Виргиния и Новая Англия — лишь отдельные примеры английских колоний в Америке. В 1610 г. была образована компания лондонских купцов для использования рыбных и лесных богатств Ньюфаундленда; в 1612 г. — компания для колонизации Бермудских островов. Все эти компании действовали на основе королевских хартий, определявших политическое устройство колоний, исполнительную власть осуществлял избранный членами компании губернатор, верховная законодательная власть принадлежала английскому парламенту. Но фактически все решения принимались собранием пайщиков. В колониях эмигрантов-пуритан устанавливалась система самоуправления и выборной администрации. Суверенитет метрополией не признавался или признавался формально.
Разрыв с Испанией в 20-х гг. XVII в. привел к оживлению частной инициативы в колонизации Америки [26, 37—39]. За период 1630—1643 гг. было затрачено 200 тыс. ф.ст. на перевозку на двухстах кораблях 20 тыс. человек в Новую Англию и 40 тыс. человек в Виргинию и другие колонии. Организаторы эмиграции были очень состоятельными людьми, а колонисты — из низов города и деревни. Их гнала нужда, но вожди эмиграции в Новой Англии были активными пуританами, и их религиозное рвение наложило отпечаток на северные колонии Америки и оказало сильное влияние на общественное развитие и культуру США. Английские колонии сразу получили широкую самостоятельность. Колонисты избирали административные собрания в каждой колонии и сделали каждый городской округ самоуправляющейся единицей. Эта самостоятельность была обусловлена не каким-то государственным актом, а обстоятельствами возникновения этих колоний, а именно тем, что они возникали по частной инициативе. Многие колонисты покинули Англию для того, чтобы освободиться от преследований, которым подвергались пуритане. Для сравнения можно заметить, что король Франции не допускал гугенотов в Канаду.
Слово о пуританах
Важной культурной традицией англичан во все века было критическое отношение к церкви как к институту и постоянные поиски наилучшего устройства духовной жизни. После Реформации этот процесс усилился, но был временно заторможен попытками реставрации католицизма при Марии Тюдор (1553—1558), которые, однако, привели к скрытому исповеданию протестантизма и формированию множества толкований протестантской религии, ставших впоследствии основой для возникновения сект. Общим для всех протестантов стала духовная исключительность, которая привела в области общественных отношений среди протестантов к идее добропорядочного партнерства. Гонимые противопоставляли силе государственной машины свою волю и этику. Идея добропорядочного партнерства проистекала из представлений лоллардов о всеобщем братстве, которое стало в условиях религиозных преследований субстанцией протестантизма. Религиозная нетерпимость католицизма породила и упрочила самоуправление конгрегационных общин.
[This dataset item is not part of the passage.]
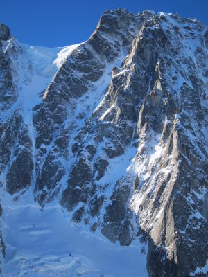 Gebietsinfo: Ginat und Aiguille Verte (Vivagel usw) würde auch gemacht. Meistens gutes eis zum Klettern aber schwierigkeiten beim Bergschrund wegen Schneemangel.

Традиционно в исторических исследованиях религиозные разногласия XVI—XVII вв. связываются с влиянием лоллардов на английскую Реформацию. Однако в лоллардизме не было требования замены одной церкви другой, поэтому, признавая вклад лоллардизма в расшатывание устоев католической церкви, нельзя согласиться с представлениями о трансформации лоллардизма в сепаратистские конгрегации XVI—XVII вв. [30, 1—19].
Лоллардизм был ранним стихийным, плохо осознанным протестом — реакцией североморской культуры на католическую церковь, насаждавшую феодализм. Протестантизм во всех своих проявлениях корнями уходит в почву североморской культуры, является ее порождением, но в нем меньше, чем в лоллардизме, эмоций и гораздо больше прагматических установок на труд, полную самостоятельность личности, честное, партнерское отношение друг к другу в ежедневной практической деятельности. Протестантизм сконцентрировал все установки североморской культуры, которые веками вели народы североморского бассейна к успеху, осмыслил их и предложил в качестве правил поведения людей в обществе.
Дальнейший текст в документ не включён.